And at home, indeed, as the students had said—all the “foreigners” were being rounded up and taken away. Sick with fear and guilt, Amberdrake hid in the daylight hours in an abandoned house with a broken-down door. Ma’ar’s troopers had been there first, and when night came, he took whatever food he found there and continued his flight.
It would have been a difficult journey for an adult with money and some resources, with experience. It was a nightmare for Amberdrake. The bulk of his journey lay across farmlands, forests, grazing lands. Most of the time, he went hungry and slept in ditches and under piles of brush. Small wonder that when he stumbled at last into Therium, he burned with fever again and was weak and nauseous with starvation.
No one knew what had become of his family. No one cared what became of him.
He found the neighbors preparing to evacuate, piling their wagon high with their possessions. They had no time for him, these folk who had called themselves “friends,” and who had known him all his life.
Old sorrow, bitter sorrow, choked him again, blinded his eyes until he had to stop taking his tiny stitches and wait for the tears to clear.
He had flung himself at the false neighbors, and they had shoved him away, and then raised the horse whip to him. One blow was all it took, and the world and sky disappeared for Amberdrake. He awoke bleeding, at least a candlemark later, with a welt across his chest as thick as his hand. Half-mad with terror and grief, he staggered on into the snow.
He fell against the side of another wagon full of escapees.
The wagon belonging to the kestra’chern Silver Veil, and her household and apprentices.
He forced his hands to remain steady.
Silver Veil did not send her servants to drive him away; although by now he hardly knew what was happening to him. In pain, freezing and burning by turns, he barely recalled being taken up into the moving wagon, falling into soft darkness.
In that darkness he had remained for a very long time. . . .
His hands shook, and he put the mending down, closed his eyes, and performed a breathing exercise to calm himself—one that Silver Veil herself had taught him, in fact.
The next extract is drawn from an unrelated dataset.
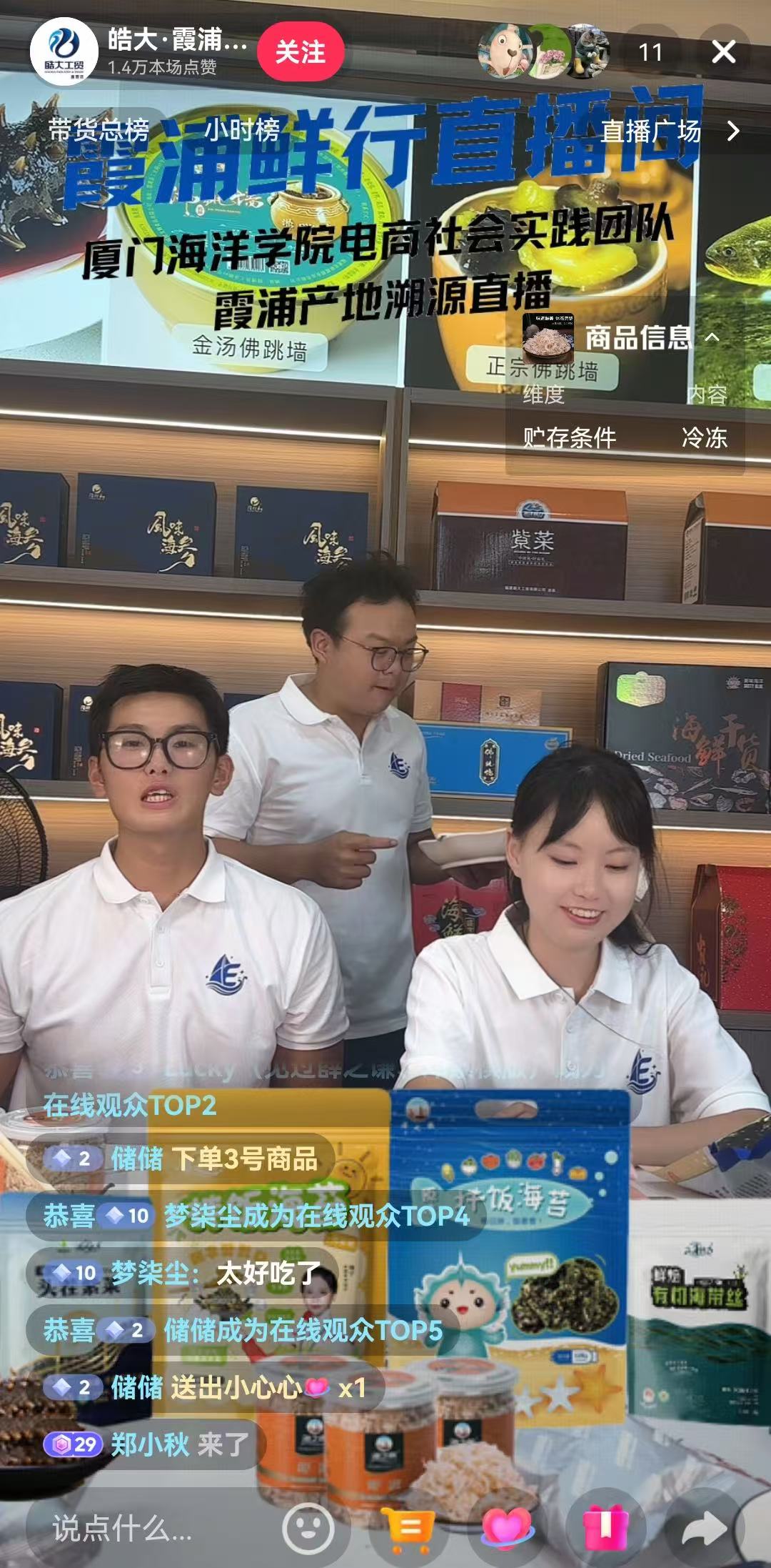 实践队还策划并开展海产品专场直播助农活动。队员们担当主播,热情洋溢地向网友推介霞浦优质海带、紫菜、海参等产品。直播反响热烈,直播GMV为1046.22,曝光人数1908人,进房人数272人,收获2.4万次点赞。实现了从“流量”到“销量”的成功转化,为合作企业带来了直观的经济效益,也充分检验了实践队电商赋能的实际效果,为当地企业开展电商直播提供了可借鉴的范例。

He had heard of her, in rude whispers, before he had been sent away. As little boys on the verge of puberty always did, his gang of friends spoke about her and boasted how they would seek her out when they were older and had money. She was as beautiful as a statue carved by a master sculptor, slim as a boy, graceful as a gazelle. She took her name from her hair, a platinum fall of silk that she had never cut, that trailed on the ground behind her when she let it fall loose. He had always thought she was simply a courtesan, more exotic and expensive than most, but only that.
It took living within her household to learn differently.
She tended him through his illness, she and her household. He posed as one of her apprentices as they made their way to some place safer—and then, after a time, it was no longer a pose.
Silver Veil did her best to shelter her own from the horrors of that flight, but there was no way to shelter them from all of it. She had no Gifts, but she had an uncanny sense for finding safe routes. Unfortunately, many of those lay through places Ma’ar’s troops had lately passed.
Ma’ar’s forces were not kind to the defeated; they were even less kind to those who had resisted them. Amberdrake still woke in the night, sometimes, shaking and drenched with sweat, from terrible dreams of seeing whole families impaled on stakes to die. Nearly as terrible was the one time they had been forced to hide while Ma’ar’s picked men—and his makaar—force marched a seemingly endless column of captives past them. Amberdrake had watched in shock from fear and dread, searching each haggard face for signs of his own kin.